SBA Issues Guidance on Affiliation Rules, Uncertainty Remains

After a week when companies, investment firms and trade groups sought clarity as to whether venture-backed companies can receive loans via the newly issued Paycheck Protection Program (PPP), the Small Business Association (SBA) issued further details on Friday. However, while the document does provide some clarification, many questions still remain unanswered.

At question is the concept of “affiliation” — whether an investor-backed company with fewer than 500 employees can qualify for the PPP, or if its pool of employees must be counted alongside(or affiliated with) all other companies their investors have “control” over.

According to the SBA’s update on Friday, that control will go beyond simply looking at ownership percentages.

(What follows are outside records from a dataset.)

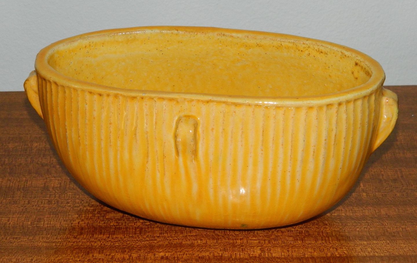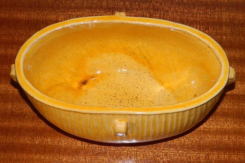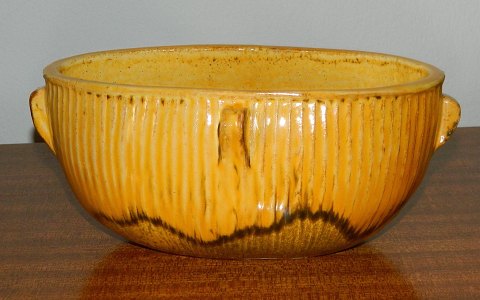 Bowl or jardiniere in ceramics designed by Svend Hammershöi. Covered with yellow glaze with black splash. Also decorated with four small ears. In perfect condition. Factory marks on the bottom with HAK and DENMARK. Dimensions: L .: 21.5 cm H .: 9.5 cm, and 12 cm deep.
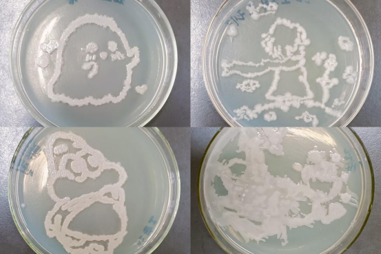 活动伊始,由主持人介绍了举办本次活动的目的以及活动的主要流程。随后实验室的指导老师为我们介绍了实验所用到的菌落以及培养基,讲解了制作平板的具体步骤以及注意事项。紧接着,参赛成员们以小组的形式进行比赛,每班一组,每组2到3人,由一名队长带队。各小组使用灭菌棉棒和牙签分别地蘸取不同菌液,然后在酒精灯旁操作以确保无菌环境,每组根据自己的创意和计划进行绘画创作,制作完成后标记好小组信息,由指导老师将平板放入培养箱中培养,一段时间后观察平板形态并拍照记录,将参赛作品统一拍照并上传至队长交流群,最后由我部人员及各队队长对作品进行投票评选,选出优秀作品。经过投票,选出马源组同学荣获一等奖,郗鸿原和孙文哲组同学荣获二等奖,段亚萱、董文睿和徐雯晴组同学荣获三等奖。
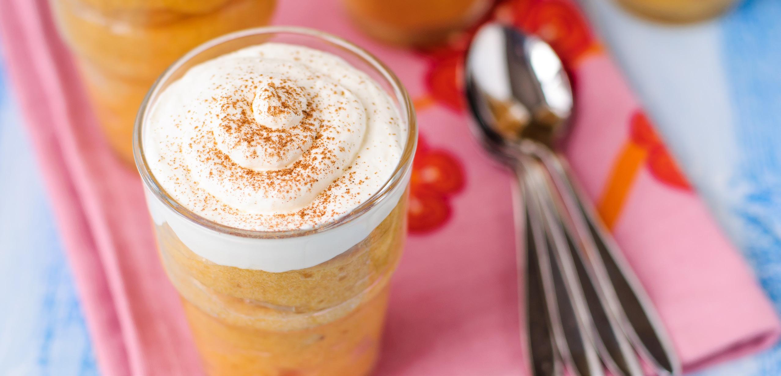 Delightful vanilla pudding swirled with pumpkin and spice cookies.

“Concerns and entities are affiliates of each other when one controls or has the power to control the other, or a third party or parties controls or has the power to control both,” the SBA wrote “It does not matter whether control is exercised, so long as the power to control exists.”

First, and perhaps the most clear cut, is if an individual, company or entity owns or “has the power to control” more than 50% of the company’s voting equity, the SBA noted. However, a minority shareholder can also be deemed in control if they have the ability to “prevent a quorum or otherwise block action by the board of directors or shareholders.”

Next, the SBA will look at stock options, convertible securities and agreements to merge to ascertain if control exists. Although some of these may be future looking, they will be deemed to have a “present effect” on control in many cases. The SBA will also examine management team members (or those who control the management itself) to make sure they do not also control other businesses or boards. And finally, the SBA can find there is affiliation based on close family relationships — for example, “where the close relatives operate concerns in the same or similar industry in the same geographic area,”

The intent of these checks is to safeguard the funds set aside by the PPP, law firm Foster Garvey wrote in an email update to clients.

“The rules try to ensure that non-small businesses do not receive taxpayer-funded benefits intended for truly small, independent businesses,” the email noted.

Meanwhile, even with venture-backed businesses still finding a path forward, brands and banks alike reported difficulty with PPP applications.

Yesterday evening Wells Fargo, which opened its PPP application portal on Saturday, issued a statement that due to regulatory measures, it could only lend $10 billion to small business customers under the PPP. While it will prioritize certain types of businesses, the bank believes it has already received enough applications to exhaust its capacity and, as a result, is no longer accepting loan applications through the Paycheck Protection Program.

“We are committed to helping our customers during these unprecedented and challenging times, but are restricted in our ability to serve as many customers as we would like under the PPP,” Wells Fargo CEO Charlie Scharf was quoted in a release. “While all businesses have been impacted by this crisis, small businesses with fewer than 50 employees and nonprofits often have fewer resources. Therefore, we are focusing our efforts under the Paycheck Protection Program on these groups.”